Dans le domaine de l’intelligence artificielle, je suis en relation avec plusieurs sociétés. Leur capacité à analyser les images et à faire émerger les signaux faibles, additionnée à nos propres informations, permettra de retracer, peut-être, les déplacements de djihadistes, de déterminer les lieux de convergence, de détecter les endroits où auront été posés les IED (Improvised Explosive Device).

Monsieur le vice-président, nous avons toujours souhaité maintenir un équilibre dans l’appui aux différentes forces présentes en Irak, qu’il s’agisse des Kurdes au sein de la Région Autonome du Kurdistan (RAK), ou des unités du Gouvernement irakien. Nous participons à des opérations contre Daech avec les forces spéciales irakiennes de l’ICTS (Iraqi Counter Terrorism Service), non-affiliées à une tutelle confessionnelle. Nous sommes également présents dans l’académie de l’ICTS, où nous menons des formations extrêmement sensibles dans le domaine du renseignement.

Mme Monica Michel. Une dernière question : les forces spéciales jouent depuis une vingtaine d’années un rôle clé en matière de lutte contre le terrorisme et en soutien des forces conventionnelles. Pour mener leurs opérations, elles s’appuient sur nos services de renseignement et des moyens de commandement et de contrôle décentralisés. Pourtant, et ce constat est valable pour nos alliés, nous faisons face à une réémergence de menaces de type conventionnel et la lutte contre le terrorisme menée hors de nos frontières n’est plus la seule priorité. Comment envisagez-vous ce rééquilibrage et une éventuelle réorientation de l’emploi des forces spéciales ?
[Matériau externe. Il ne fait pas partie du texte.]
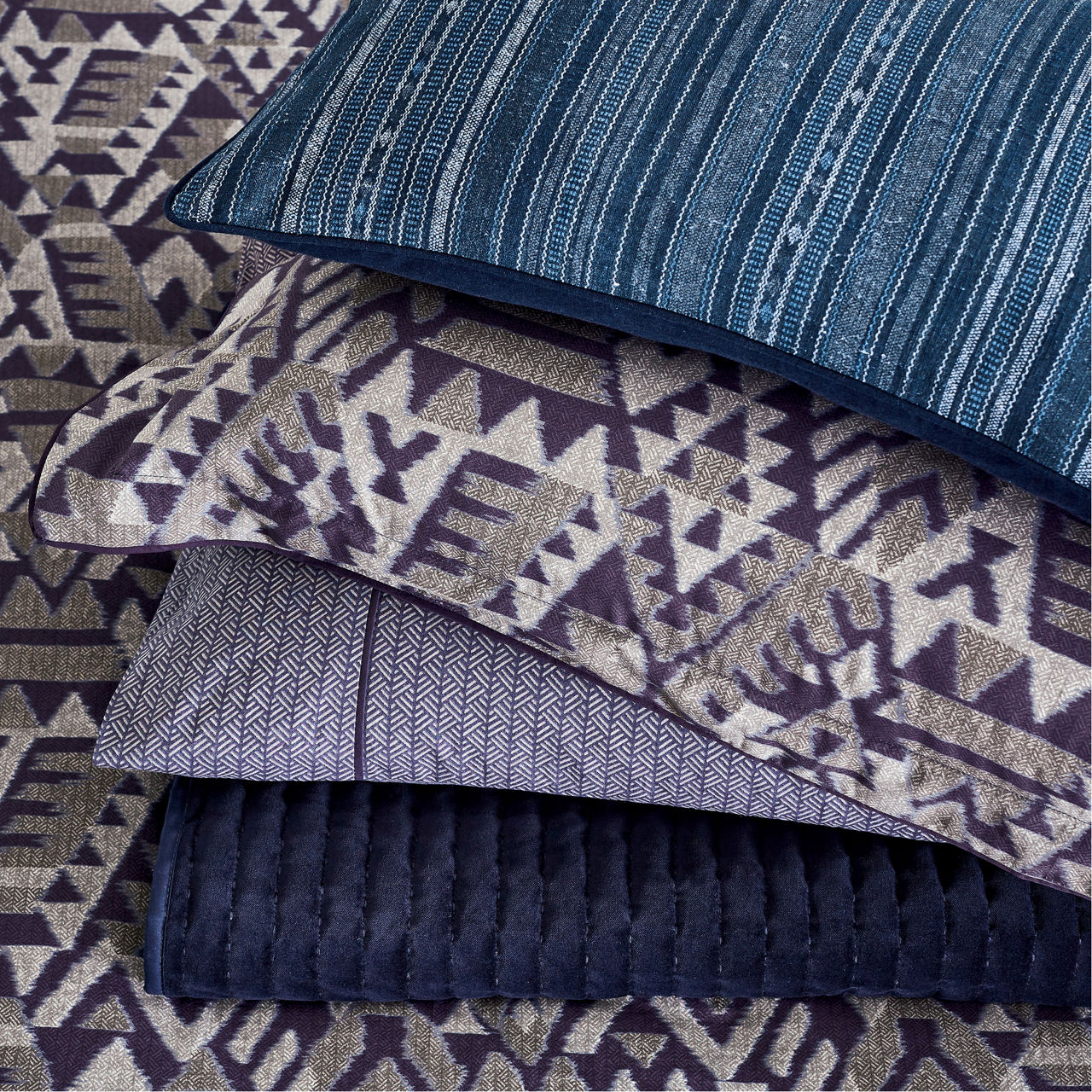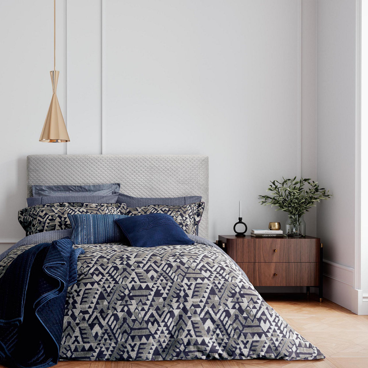Introducing ‘Mazana’ a striking ikat geo print in rich indigo navy hues inspired by traditional ikat designs & kilim textiles from around the globe. Finished with a garment wash to present a softer handle and ensuring the quality appearance remains wash after wash. Coordinate the design with the matching finely detailed striped cushion with piped detailing and opulent kantha style cotton velvet throw in deep midnight. Fitted sheets are 36cm deep

M. le général de division Éric Vidaud. Je tiens à votre disposition un livret sur la menace hybride et notre complémentarité avec les forces conventionnelles. Comme je l’ai évoqué à plusieurs reprises, nous opérons main dans la main avec les forces conventionnelles. Nous pouvons appuyer leurs actions, comme en Afghanistan ; elles facilitent notre tâche par leur présence et leur mission de contrôle de zone, comme dans le Sahel. Ainsi, elles peuvent figer les choses, ou au contraire les faire bouger pour que nous puissions intervenir. Si les menaces conventionnelles devaient se multiplier, nous serions en appui, soit en amont, lorsque le conflit est encore hybride, soit dans l’urgence, durant le combat de haute intensité.

Mme la présidente Françoise Dumas. Cet échange nous a permis d’apercevoir la réalité derrière le voile du mythe. Je retiens vos propos sur l’hybridité des conflits, qui nous oblige à des efforts de réflexion pour mieux y faire face ; nous devons en tirer les conclusions en matière de doctrine et d’organisation des capacités. Ces évolutions vous obligent, vous qui êtes en première ligne, à vous adapter plus vite encore et à anticiper toutes les difficultés. Je note, non sans inquiétude, qu’au-delà des opérations des Task forces Sabre et Hydra, vous êtes très attentifs à ce qui se passe dans d’autres zones de crise en Afrique.

Je vous prie de transmettre à l’ensemble de vos hommes notre reconnaissance et notre respect pour leurs actions, qu’ils mènent discrètement et humblement, mais avec une efficacité redoutable et partout reconnue.